Prometheus, in production, will OOM long before this. Its own guidance: keep label cardinality under a few hundred per metric, and never use unbounded labels like user ID or full URL (Prometheus: instrumentation best practices). So you drop customer_id. Now requests_total is cheap — and you have aggregated away the exact dimension you need when one customer is having a bad time.

This is the core failure: aggregation destroys the outliers. A p99 latency metric tells you the 99th percentile is 800ms. It cannot tell you which requests those were, or what they had in common, because the individual events were summed into a counter at write time. The information is gone — not hidden, gone.

Worse, percentiles do not aggregate. You cannot average two pods' p99s to get the fleet p99; you'd need the underlying distributions (Gil Tene, "How NOT to Measure Latency"; coordinated omission is the related sin). HDR histograms (HdrHistogram, Prometheus native histograms) merge correctly because they keep buckets, not point estimates — but they still can't tell you the attributes of the slow requests.
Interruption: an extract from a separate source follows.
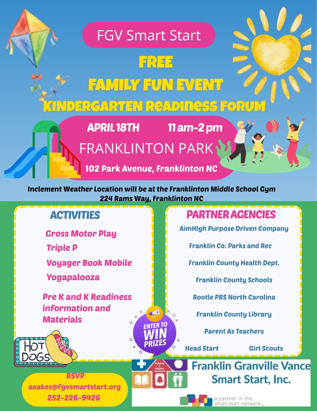 Join FGV Smart Start for a free Family Fun Event and Kindergarten Readiness Forum on April 18th, 2026 from 11:00 AM to 2:00 PM at Franklinton Park, 102 Park Avenue, Franklinton, NC. Families can enjoy gross motor play, Triple P, the Voyager Book Mobile, Yogapalooza, hot dogs, prize giveaways, and Pre-K and Kindergarten readiness information and materials.
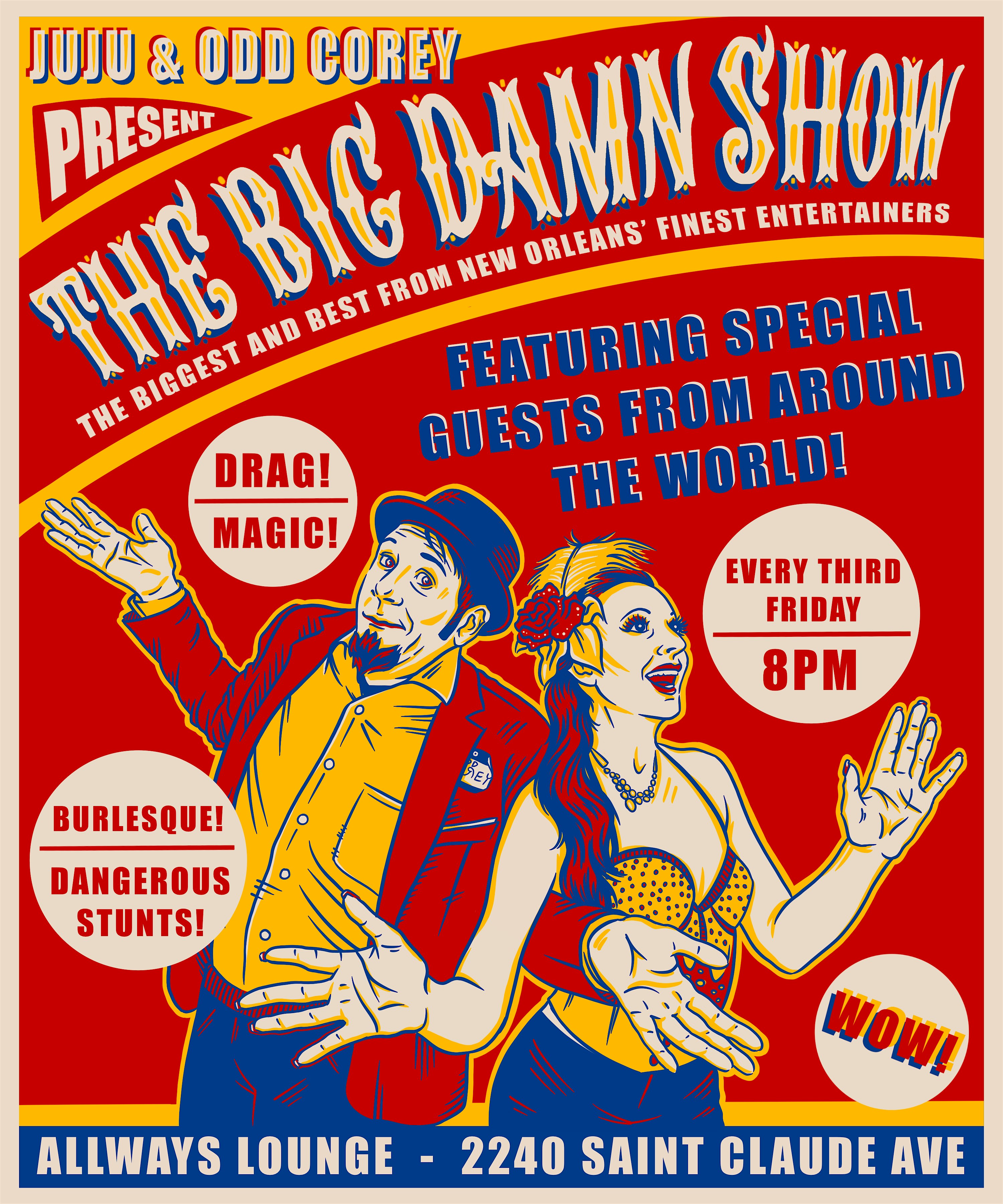by admin05Mar The Big Damn Show at The AllWays Lounge & Cabaret – New Orleans, LA The Big Damn Show at The AllWays Lounge & Cabaret – New Orleans, LA 2 2 people viewed this event. New Orleans’ #1 comedy thrill-show featuring nationally recognized Drag & Burlesque artists, Magic Illusions,circus acts & sideshow stunts! Tickets-RSVP Link Date And Time Friday, March 20th, 2026 08:00 PM (PST) Venue The AllWays Lounge & Cabaret Location 2240 Saint Claude Avenue, New Orleans, LA 70117 Event Types Concert or PerformancePerforming & Visual Arts Event Category LouisianaNew Orleans Share With Friends Facebook Twitter Linkedin Xing Pinterest Share This Post:

The resolution: metrics for cheap, low-cardinality SLO tracking and alerting; wide events for arbitrary-cardinality investigation. Do not try to make metrics answer high-cardinality questions — that's what the event store is for.

Sampling: keeping signal while dropping volume¶

At scale, storing every event is uneconomical. Sampling is mandatory — but naive uniform sampling (keep 1 in N) throws away rare errors, which are the events you most want. Correct sampling is biased toward signal while staying statistically reconstructable.

Head vs. tail sampling¶

Head sampling decides at span/event creation, before the outcome is known. Cheap (no buffering), but blind — you can't "keep all errors" because the error hasn't happened yet. The sampling decision propagates down the trace so the whole trace is kept or dropped consistently.
Tail sampling buffers all spans of a trace until it completes, then decides using the outcome: keep if any span errored, latency > threshold, or it hit a rare route. Accurate, but requires holding spans in memory (a collector with a time-window buffer) and breaks if spans of one trace land on different collector instances (OpenTelemetry: tail sampling processor).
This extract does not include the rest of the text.